A Gallery of Rascals by Ruskin Bond
Ruskin Bond is the most addictive and entertaining writer in modern Indian literature. The author of over a hundred novels and short-story collections, his fiction is especially celebrated for the unforgettable misfits, dreamers, small-time con artists, rapscallions, thieves and drifters who populate it. For the first time ever, A Gallery of Rascals brings together the most memorable rogues to feature in Ruskin Bond’s fiction. A few brand new stories—‘A Man Called Brain’, ‘Sher Singh and the Hot-water Bottle’, ‘Crossing the Road’— headline this collection and rub shoulders with much-loved tales like ‘The Thief’s Story’, ‘The Boy Who Broke the Bank’, ‘Tigers for Dinner’ and ‘A Case for Inspector Lal’. Thrilling and effortlessly readable, the thirty stories in this book show exactly why Ruskin Bond’s fiction is irresistible.
The Bengalis by Sudeep Chakravarti
The Bengalis are the third largest ethno-linguistic group in the world, after the Han Chinese and the Arabs. A quarter of a billion strong and growing, the community has produced three Nobel laureates, world-class scientists, legendary political leaders and revolutionaries, iconic movie stars and directors, and an unending stream of writers, philosophers, painters, poets and musicians of the first rank.
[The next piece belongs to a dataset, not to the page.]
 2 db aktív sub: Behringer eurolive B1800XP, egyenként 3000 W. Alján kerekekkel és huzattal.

But, bald facts aside, just who are the Bengalis? What is the community all about, stereotypically and beyond stereotype? In order to find the answers to these and related questions, the author (a Bengali born and steeped in his own culture but objective enough to give us a balanced reckoning of his fellows) delves deep into the culture, literature, history and social mores of the Bengalis. He writes with acuity about the many strengths of the community but does not flinch from showing us its weaknesses and tormented history. He points out that Bengalis are among the most civilized and intellectually refined people on earth but have also been responsible for genocide and racism of the worst kind. Their cuisine is justly celebrated but few remember the cause and effect of millions of Bengalis dying of famine. Renowned for their liberal attitudes, they are also capable of virulent religious fundamentalism. Argumentative and meditative, pompous and grounded, hypocritical and wise, flippant and deep… Bengalis are all this and much, much more. With erudition, wit and empathy, this book manages to capture their very essence. Unarguably, it is the definitive portrait of one of the world’s most vibrant and distinctive communities.
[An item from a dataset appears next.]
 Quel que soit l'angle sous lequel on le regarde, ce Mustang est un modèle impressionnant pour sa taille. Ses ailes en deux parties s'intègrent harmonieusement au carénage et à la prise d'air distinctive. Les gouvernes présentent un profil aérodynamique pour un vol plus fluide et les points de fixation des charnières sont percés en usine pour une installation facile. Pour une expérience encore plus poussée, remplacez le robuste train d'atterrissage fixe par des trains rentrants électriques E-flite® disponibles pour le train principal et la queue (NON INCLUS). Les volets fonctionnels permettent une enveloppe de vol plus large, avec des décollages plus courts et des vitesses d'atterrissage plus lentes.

Extraordinary stories for readers of every stripe.
For centuries, the animal kingdom has captured the Indian imagination. And the land of the Panchatantra and the Jataka Tales continues to give rise to literary masterpieces. Some of the greatest stories in modern Indian literature have animals as protagonists.
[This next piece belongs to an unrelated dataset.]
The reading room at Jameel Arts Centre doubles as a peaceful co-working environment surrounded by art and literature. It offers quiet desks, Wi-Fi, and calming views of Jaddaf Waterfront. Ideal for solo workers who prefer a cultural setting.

In Animalia Indica, Sumana Roy collects the best fiction written about animals from the past hundred years or so. Beginning with Premchand’s classic, ‘A Tale of Two Bullocks’, and taking in its sweep some of the greatest pieces of literary fiction to have originated in India including ‘Rikki-Tikki-Tavi’ by Rudyard Kipling, ‘Mahesh’ by Sarat Chandra Chattopadhyay, ‘The Mark of Vishnu’ by Khushwant Singh, ‘A Horse and Two Goats’ by R. K. Narayan, ‘Poonachi’ by Perumal Murugan, ‘The Crocodile and the Monkey’ by Vikram Seth, ‘The Reflections of a Hen in Her Last Hour’ by Paul Zacharia, ‘The Last Tiger’ by Ruskin Bond and ‘Elephant at Sea’ by Kanishk Tharoor, the stories in Animalia Indica are guaranteed to dazzle the reader.
These stories, centred on animals, and written over the last hundred years or so, are among the greatest feats of creation in the annals of modern Indian literature. Once read, their flaming brilliance will ensure they are never forgotten.
Daughters of the Sun by Ira Mukhoty
In 1526, when the nomadic Timurid warrior-scholar Babur rode into Hindustan, his wives, sisters, daughters, aunts and distant female relatives travelled with him. These women would help establish a dynasty and empire that would rule India for the next 200 years and become a byword for opulence and grandeur. By the second half of the seventeenth century, the Mughal empire was one of the largest and richest in the world.
The Mughal women—unmarried daughters, eccentric sisters, fiery milk mothers and powerful wives—often worked behind the scenes and from within the zenana, but there were some notable exceptions among them who rode into battle with their men, built stunning monuments, engaged in diplomacy, traded with foreigners and minted coins in their own names. Others wrote biographies and patronised the arts.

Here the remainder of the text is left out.